Donnerstag, 27. April 2017 - 11:45
Betroffen sind alle Weinbauregionen, besonders jene Rebanlagen, in denen die milde Frühjahrswitterung zu einem ein- bis zweiwöchigen früheren Austrieb der Reben geführt hat. Nach erstem Erkenntnisstand variiert der Schaden an den jungen Trieben stark, je nach Lage und Rebsorte und reicht mancherorts bis zum Totalausfall. Die Weinbauexperten vor Ort sind derzeit mit Hochdruck dabei, sich einen belastbaren Überblick zum Schadensumfang zu verschaffen. Schon heute ist sicher, dass der diesjährige Spätfrost zu erheblichen Einbußen geführt und für zahlreiche Betriebe existenzbedrohende wirtschaftliche Konse-quenzen hat.

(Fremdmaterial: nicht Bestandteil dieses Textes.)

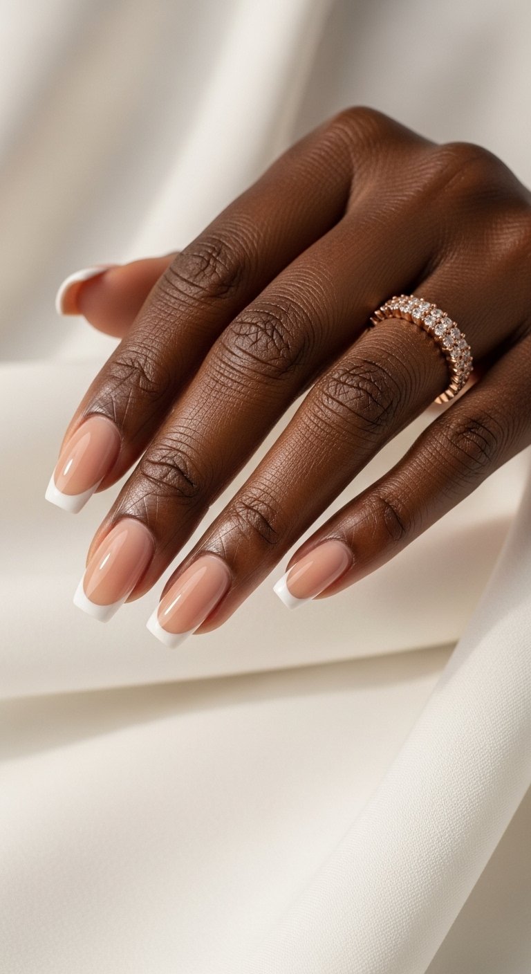 Classic white French tip nails remain the absolute standard for elegance. The crisp white arc across the natural nail creates a polished look. You achieve this timeless aesthetic by pairing a soft nude base with a stark white tip. The pure contrast makes your nail beds appear longer and healthier. Women everywhere request this style for daily wear and formal events alike. A sheer pink base coat mimics natural nail coloring. You apply the opaque white polish along the free edge using a thin brush. This technique requires steady hands. The pristine approach suits any outfit in your wardrobe. You project effortless grace with this clean design. Save this idea to your Pinterest. Pro Tip. Use a clean up brush dipped in acetone to refine the smile line.

Der Deutsche Weinbauverband hat das Thema „Frostschaden 2017 im Weinbau“ angesichts der aktuellen Ereignisse kurzfristig und prioritär in seiner gestrigen Vorstandssitzung erörtert und dazu nachfolgenden ersten Standpunkt gefasst:
• Für einen Überblick zum Schadensumfang wird in den einzelnen Gebieten jetzt an der Erfassung belastbarer Daten gearbeitet.
• Zu den derzeit bereits deutlich sichtbaren Frostschäden bestehen auch latente, so dass es schwierig ist, das Ausmaß des Frostschadens jetzt schon komplett und exakt quantifizieren zu können.
• Empfohlen wird die Expertise der Lehranstalten vor Ort einzubinden.
• Aufgrund des diesjährigen frühen Vegetationsstandes ist die Frostgefahr auch noch nicht gebannt (Eisheilige 11.-15.5.).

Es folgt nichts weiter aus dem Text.